Il secolo a.C. nella storia di Atene, dal punto di vista artistico, è l’età dell’oro. Il periodo in cui vive Fidia, il grande scultore in marmo e in bronzo, architetto, amico di Pericle, politico e oratore. Che affida agli architetti Ictino e Callicrate l’incarico di costruire per Atena vergine, Parthenos, un prestigioso tempio. A Fidia è demandata la funzione di episkopos, sovrintendente. Con i suoi collaboratori ha la responsabilità della decorazione scultorea: frontoni, metope, fregio della cella. Cella che racchiudeva la statua della dea. Alta 13 metri, in oro e avorio, e secondo le fonti attribuibile allo stesso Fidia. Dell’opera si sono perse le tracce. La mostra, di cui fra poco parleremo, la ricostruisce in virtù delle tante repliche che attraverso i secoli sono giunte fino a noi.

A questo grande autore, delle cui opere non è rimasto praticamente nulla, i Musei Capitolini di Roma dedicano la mostra Fidia curata da Claudio Parisi Presicce.
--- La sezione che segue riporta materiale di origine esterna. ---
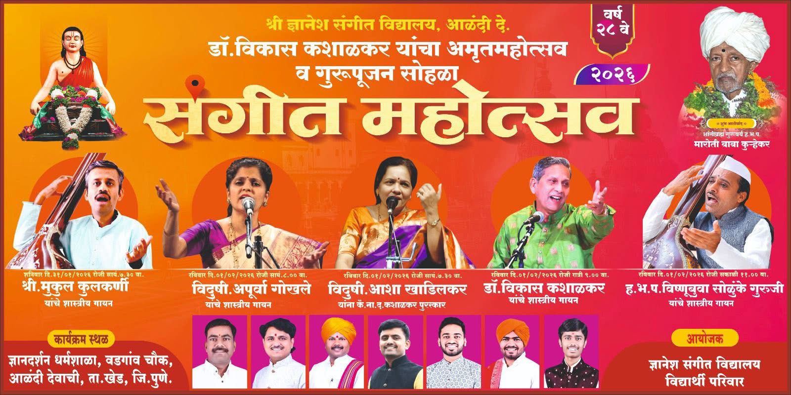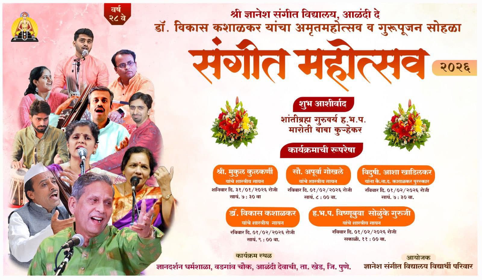 | 4. | Sangeet Mahotsav, Alandi organised by Shri Dnyanesh Sangeet Vidyalay. | February 1st 2026 | 8.00 am onwards | Dnyandarshan Dharmashala, Vadgaon Chowk, Alandi | Tabla :- Hrishikesh Survase Harmonium :- Pravin Kaslikar |

Un’originale rassegna monografica la si può definire, in quanto cerca di raccontare la «figura enigmatica, quasi fantasmatica di Fidia». Ricostruendone il volto, la biografia, l’operato, il lascito. E facendo arrivare a Roma, sotto forma di quattro mirabili frammenti del suo fregio, il Partenone. E lo fa mediante una significativa selezione di oltre 100 opere, tra reperti archeologici, originali greci, repliche romane, dipinti, manoscritti, disegni, alcuni presentati per la prima volta.

Il percorso

Fidia
Testa di Apollo del tipo Kassel. Museo archeologico nazionale di Napoli.
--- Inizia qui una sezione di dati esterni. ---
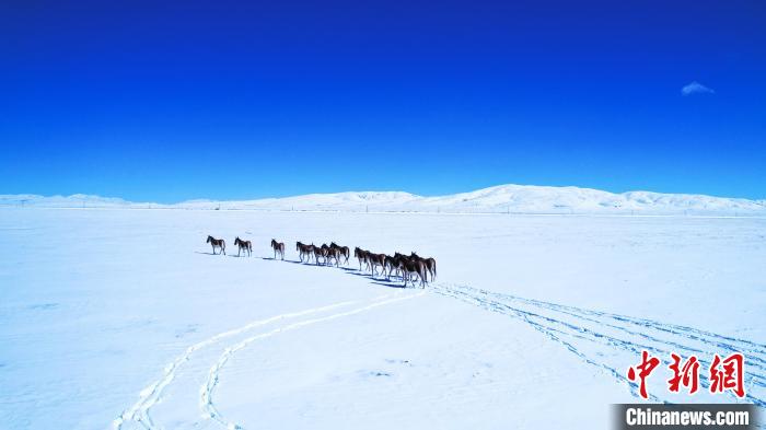 圖為黃河源頭瑪多出現(xiàn)積雪,藏野驢群在雪地里行走。 祁緒龍 攝

Il percorso espositivo offre al visitatore sei sezioni. La prima, Il ritratto di Fidia”, si apre con un omaggio. Quello di Auguste Rodin all’artista greco. Con la sua opera in marmo e gesso Pallas au Parthénon (1896). Una testa di donna con in cima un piccolo tempio con sei colonne doriche che rimanda al Partenone ateniese. Una scultura singolare a testimoniare il fascino che la Grecia antica ha esercitato su Rodin.
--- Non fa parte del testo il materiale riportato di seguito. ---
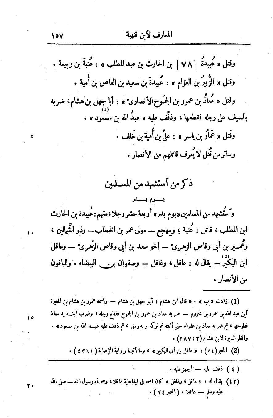وقتل «عبيدة/ 78/ بن الحارث بن عبد المطلب» : عتبة بن ربيعة.

La seconda chiarisce l’ambito storico/artistico di Atene agli inizi del V secolo a.C. Si tratta de L’età di Fidia, che ripercorre il suo apprendistato presso lo scultore ateniese Egia e il bronzista Agelada. Una carriera, quella di Fidia, che arriva al successo fin dalle prime commesse: la statua perduta di Apollo che incarna il dio come Parnopios, riconducibile a quella che si trova nel museo del castello di Wilhelmshöhe, Kassel. Il prototipo della bellezza del volto greco: capelli riccioluti ai due lati del collo, spalle larghe, muscolatura ben delineata; fino alla realizzazione, sull’Acropoli, delle statue dell’Athena Promachos (che combatte in prima linea) e della Athena Lemnia.

La più bella

Fidia
Testa di Atena nel tipo Carpegna. Roma, Museo Nazionale Romano

Considerata in assoluto la più bella opera di Fidia. Grazie ad alcune repliche di epoca romana, la testa soprattutto, è stato possibile ricostruire la scultura nella sua totalità. La dea, che dovrebbe proteggere gli abitanti, ha il capo scoperto. Non indossa l’elmo tradizionale. Ha un atteggiamento pacifico. L’espressione serena e riservata che ne mitiga la condizione militaresca.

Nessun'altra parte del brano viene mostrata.